Золотой ребенок Тосканы - Боуэн Риз
— Да, думаю, что не легко. Моя мама была менее благородного происхождения, и ей доставляло удовольствие заботиться о нас. Но она умерла, когда мне было одиннадцать, и после этого жизнь стала совсем унылой. Я посещала школу, где остальные девочки были из богатых семей. Учеба их вовсе не интересовала. Они либо дразнили, либо презирали меня. Так что нет, возвращаться туда я совсем не хочу.
— Значит, мы оба выросли без матерей. Это так тяжело… Чего-то ты лишаешься навсегда, — сказал он. — Иногда я просыпался от сна, в котором моя мама целовала меня в щеку, как раньше.
— Твоя мама любила тебя, — сказала я. — Ты правда веришь, что она могла бросить тебя по своей воле без всякого принуждения?
Он остановился, невидящим взором глядя на веселье и поющих людей на площади перед нами.

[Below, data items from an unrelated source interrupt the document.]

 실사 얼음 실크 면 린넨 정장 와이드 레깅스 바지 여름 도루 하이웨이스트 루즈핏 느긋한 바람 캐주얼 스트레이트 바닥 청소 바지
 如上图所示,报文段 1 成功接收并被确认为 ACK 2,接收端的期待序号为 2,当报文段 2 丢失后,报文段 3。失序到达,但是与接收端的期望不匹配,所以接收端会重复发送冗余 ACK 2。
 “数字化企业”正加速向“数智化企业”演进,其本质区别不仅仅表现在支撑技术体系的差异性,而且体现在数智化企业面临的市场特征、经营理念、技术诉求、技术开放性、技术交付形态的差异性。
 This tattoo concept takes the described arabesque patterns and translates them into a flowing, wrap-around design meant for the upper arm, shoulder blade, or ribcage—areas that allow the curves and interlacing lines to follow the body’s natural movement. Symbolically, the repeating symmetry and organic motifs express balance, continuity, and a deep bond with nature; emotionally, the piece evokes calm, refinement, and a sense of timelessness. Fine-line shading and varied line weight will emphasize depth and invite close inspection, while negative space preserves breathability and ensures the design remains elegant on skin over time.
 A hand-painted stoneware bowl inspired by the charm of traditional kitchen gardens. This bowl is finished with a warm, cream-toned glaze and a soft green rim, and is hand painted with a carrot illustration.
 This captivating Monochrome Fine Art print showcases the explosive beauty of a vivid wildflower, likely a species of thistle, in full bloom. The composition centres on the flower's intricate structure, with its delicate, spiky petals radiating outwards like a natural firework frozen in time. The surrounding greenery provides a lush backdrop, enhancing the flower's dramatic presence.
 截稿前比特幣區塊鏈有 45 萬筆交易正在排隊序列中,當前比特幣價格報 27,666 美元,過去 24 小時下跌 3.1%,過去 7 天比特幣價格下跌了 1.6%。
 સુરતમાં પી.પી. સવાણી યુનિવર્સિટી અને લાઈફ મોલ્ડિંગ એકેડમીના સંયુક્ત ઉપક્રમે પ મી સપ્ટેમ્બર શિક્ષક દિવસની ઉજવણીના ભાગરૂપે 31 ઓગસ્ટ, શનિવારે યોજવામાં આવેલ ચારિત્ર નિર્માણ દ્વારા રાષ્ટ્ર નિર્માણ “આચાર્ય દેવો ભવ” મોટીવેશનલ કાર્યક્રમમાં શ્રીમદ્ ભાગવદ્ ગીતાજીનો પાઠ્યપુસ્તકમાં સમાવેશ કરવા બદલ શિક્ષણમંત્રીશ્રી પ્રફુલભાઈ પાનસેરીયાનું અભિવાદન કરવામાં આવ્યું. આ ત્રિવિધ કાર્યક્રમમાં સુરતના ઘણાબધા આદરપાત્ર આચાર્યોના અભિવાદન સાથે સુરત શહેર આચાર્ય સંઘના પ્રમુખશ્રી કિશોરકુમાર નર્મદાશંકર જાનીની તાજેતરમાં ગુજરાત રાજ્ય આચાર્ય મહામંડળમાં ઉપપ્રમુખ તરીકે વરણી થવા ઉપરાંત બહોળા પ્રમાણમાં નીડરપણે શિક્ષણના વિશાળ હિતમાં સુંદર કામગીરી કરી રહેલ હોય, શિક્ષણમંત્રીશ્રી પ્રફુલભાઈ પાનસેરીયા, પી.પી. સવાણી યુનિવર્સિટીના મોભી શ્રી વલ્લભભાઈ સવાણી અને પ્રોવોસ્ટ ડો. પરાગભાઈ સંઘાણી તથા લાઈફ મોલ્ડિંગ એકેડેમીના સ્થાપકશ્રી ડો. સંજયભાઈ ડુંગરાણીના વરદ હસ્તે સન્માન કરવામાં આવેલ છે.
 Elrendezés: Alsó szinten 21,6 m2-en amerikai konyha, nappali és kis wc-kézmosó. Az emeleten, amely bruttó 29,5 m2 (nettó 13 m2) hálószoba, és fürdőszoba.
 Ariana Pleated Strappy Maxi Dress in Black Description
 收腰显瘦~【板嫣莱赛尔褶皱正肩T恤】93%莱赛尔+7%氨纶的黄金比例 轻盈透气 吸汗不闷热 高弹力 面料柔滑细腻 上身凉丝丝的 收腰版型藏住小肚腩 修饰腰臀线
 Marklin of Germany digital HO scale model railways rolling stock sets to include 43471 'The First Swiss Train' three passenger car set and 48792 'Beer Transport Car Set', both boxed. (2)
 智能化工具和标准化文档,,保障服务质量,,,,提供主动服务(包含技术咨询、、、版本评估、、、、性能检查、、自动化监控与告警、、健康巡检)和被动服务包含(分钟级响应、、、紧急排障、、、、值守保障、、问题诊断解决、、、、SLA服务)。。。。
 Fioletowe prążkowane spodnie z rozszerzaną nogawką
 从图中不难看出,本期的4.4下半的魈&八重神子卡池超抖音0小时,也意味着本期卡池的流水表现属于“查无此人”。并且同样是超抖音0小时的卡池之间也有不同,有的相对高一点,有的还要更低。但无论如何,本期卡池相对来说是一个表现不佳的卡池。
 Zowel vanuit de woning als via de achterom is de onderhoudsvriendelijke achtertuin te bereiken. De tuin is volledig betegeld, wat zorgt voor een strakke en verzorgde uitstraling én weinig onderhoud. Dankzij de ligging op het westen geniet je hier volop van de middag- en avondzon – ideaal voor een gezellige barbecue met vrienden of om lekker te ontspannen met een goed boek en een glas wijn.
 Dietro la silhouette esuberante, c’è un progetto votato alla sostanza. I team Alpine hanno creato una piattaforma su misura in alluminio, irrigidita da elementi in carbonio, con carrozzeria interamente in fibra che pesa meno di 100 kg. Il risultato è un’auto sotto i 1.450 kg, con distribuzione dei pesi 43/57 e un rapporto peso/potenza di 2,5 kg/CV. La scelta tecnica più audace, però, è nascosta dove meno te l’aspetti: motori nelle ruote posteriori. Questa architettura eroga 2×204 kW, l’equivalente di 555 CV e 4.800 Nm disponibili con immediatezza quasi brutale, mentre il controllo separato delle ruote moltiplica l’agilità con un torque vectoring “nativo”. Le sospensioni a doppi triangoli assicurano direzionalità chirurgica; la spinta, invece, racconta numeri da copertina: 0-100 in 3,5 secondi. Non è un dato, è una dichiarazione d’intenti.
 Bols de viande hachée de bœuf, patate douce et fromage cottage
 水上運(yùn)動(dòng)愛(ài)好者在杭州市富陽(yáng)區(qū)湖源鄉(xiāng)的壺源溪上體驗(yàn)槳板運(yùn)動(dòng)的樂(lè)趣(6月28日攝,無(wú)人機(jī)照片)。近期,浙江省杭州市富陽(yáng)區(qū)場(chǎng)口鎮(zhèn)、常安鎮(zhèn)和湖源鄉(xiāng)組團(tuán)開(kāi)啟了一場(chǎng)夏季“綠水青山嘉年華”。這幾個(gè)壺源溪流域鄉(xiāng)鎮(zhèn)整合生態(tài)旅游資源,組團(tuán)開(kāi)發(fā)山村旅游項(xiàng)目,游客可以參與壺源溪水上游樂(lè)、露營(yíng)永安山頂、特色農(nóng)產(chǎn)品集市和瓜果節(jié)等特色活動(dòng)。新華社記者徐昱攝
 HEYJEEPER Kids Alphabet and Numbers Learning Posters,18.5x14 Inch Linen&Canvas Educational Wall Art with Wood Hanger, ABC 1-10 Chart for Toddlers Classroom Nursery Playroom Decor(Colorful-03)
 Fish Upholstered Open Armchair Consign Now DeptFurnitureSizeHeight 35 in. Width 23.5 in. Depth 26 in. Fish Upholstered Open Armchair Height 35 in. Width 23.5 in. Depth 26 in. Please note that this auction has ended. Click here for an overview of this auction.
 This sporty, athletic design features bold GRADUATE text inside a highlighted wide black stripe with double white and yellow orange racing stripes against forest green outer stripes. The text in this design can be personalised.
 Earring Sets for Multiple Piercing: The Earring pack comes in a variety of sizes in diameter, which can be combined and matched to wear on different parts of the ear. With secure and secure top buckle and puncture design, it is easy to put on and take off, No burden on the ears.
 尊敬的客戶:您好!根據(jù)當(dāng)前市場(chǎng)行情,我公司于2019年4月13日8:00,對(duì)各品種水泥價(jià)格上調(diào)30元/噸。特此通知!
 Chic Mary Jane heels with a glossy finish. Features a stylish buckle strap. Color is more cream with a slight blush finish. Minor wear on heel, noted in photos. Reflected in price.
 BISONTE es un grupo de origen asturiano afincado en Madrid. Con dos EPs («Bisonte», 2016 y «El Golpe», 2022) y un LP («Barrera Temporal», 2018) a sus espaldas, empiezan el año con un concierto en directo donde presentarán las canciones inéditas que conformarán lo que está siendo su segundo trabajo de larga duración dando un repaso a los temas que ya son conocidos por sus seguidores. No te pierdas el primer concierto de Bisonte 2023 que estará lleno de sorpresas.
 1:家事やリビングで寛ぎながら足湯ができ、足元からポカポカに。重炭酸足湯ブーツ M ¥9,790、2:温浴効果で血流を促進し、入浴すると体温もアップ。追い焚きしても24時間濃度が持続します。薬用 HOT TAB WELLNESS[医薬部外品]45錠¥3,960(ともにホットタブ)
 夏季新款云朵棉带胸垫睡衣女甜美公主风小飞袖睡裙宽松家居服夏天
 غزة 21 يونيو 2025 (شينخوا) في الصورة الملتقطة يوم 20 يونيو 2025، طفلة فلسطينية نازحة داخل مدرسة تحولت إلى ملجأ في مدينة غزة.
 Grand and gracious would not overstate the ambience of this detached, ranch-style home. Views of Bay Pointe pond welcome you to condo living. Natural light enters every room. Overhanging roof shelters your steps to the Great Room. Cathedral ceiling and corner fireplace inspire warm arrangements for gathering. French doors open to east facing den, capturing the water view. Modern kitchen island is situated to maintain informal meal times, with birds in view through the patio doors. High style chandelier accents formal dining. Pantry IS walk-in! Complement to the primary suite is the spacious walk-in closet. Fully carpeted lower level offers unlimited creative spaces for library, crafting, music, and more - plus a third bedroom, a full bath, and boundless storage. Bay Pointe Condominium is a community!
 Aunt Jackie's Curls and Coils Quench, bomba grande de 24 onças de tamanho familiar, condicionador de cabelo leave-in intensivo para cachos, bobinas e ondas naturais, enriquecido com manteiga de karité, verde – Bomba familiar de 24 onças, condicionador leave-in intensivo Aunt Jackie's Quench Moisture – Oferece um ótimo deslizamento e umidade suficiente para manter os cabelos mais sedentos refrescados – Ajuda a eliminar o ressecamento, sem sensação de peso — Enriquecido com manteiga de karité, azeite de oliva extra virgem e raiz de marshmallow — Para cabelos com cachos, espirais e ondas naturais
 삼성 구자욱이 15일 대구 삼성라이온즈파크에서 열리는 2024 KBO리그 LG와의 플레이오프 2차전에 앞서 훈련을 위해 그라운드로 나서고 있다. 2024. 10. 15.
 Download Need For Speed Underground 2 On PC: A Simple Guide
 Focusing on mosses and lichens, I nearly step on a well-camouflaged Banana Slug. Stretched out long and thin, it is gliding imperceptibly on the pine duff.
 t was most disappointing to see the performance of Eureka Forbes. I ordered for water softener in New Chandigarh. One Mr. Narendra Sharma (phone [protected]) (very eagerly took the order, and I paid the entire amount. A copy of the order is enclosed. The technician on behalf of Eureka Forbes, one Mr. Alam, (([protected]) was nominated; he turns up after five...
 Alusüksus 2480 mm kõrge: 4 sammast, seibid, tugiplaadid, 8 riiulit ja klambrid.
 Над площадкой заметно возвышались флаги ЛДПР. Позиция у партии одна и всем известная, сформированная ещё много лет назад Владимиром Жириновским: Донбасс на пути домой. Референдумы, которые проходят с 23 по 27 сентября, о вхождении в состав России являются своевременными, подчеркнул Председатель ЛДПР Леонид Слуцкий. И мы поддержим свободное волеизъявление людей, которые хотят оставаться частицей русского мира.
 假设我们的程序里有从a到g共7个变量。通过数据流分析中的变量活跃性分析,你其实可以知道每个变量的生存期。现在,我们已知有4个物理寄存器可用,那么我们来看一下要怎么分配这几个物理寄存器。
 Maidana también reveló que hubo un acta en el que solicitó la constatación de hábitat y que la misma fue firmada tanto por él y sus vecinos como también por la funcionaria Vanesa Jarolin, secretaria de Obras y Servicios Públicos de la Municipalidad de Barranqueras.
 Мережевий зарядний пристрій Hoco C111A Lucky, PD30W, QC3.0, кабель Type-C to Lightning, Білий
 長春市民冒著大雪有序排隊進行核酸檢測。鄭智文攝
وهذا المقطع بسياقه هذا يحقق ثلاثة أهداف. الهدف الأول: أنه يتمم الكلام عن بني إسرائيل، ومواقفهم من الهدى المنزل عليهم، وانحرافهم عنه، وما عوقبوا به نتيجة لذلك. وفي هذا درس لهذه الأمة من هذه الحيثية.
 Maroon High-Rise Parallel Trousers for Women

— Это то, что мне рассказали, — произнес он. — То, во что все поверили. Но сейчас я в этом уже не уверен.
Глава 29
ДЖОАННА
Июнь 1973 года
Мы дошли до переулка, в котором стоял дом Софии, и я уставилась на него. Заметив это, Ренцо предложил:
— Послушай, а не стоит ли нам зайти туда и посмотреть, есть ли там укрытие, где можно кого-нибудь надежно спрятать?
— Но разве все жители не празднуют на площади?
Он заговорщически улыбнулся:
— Вот именно! Лучшего момента и не придумаешь.
— Но мы не можем войти без разрешения. И разве дверь не заперта?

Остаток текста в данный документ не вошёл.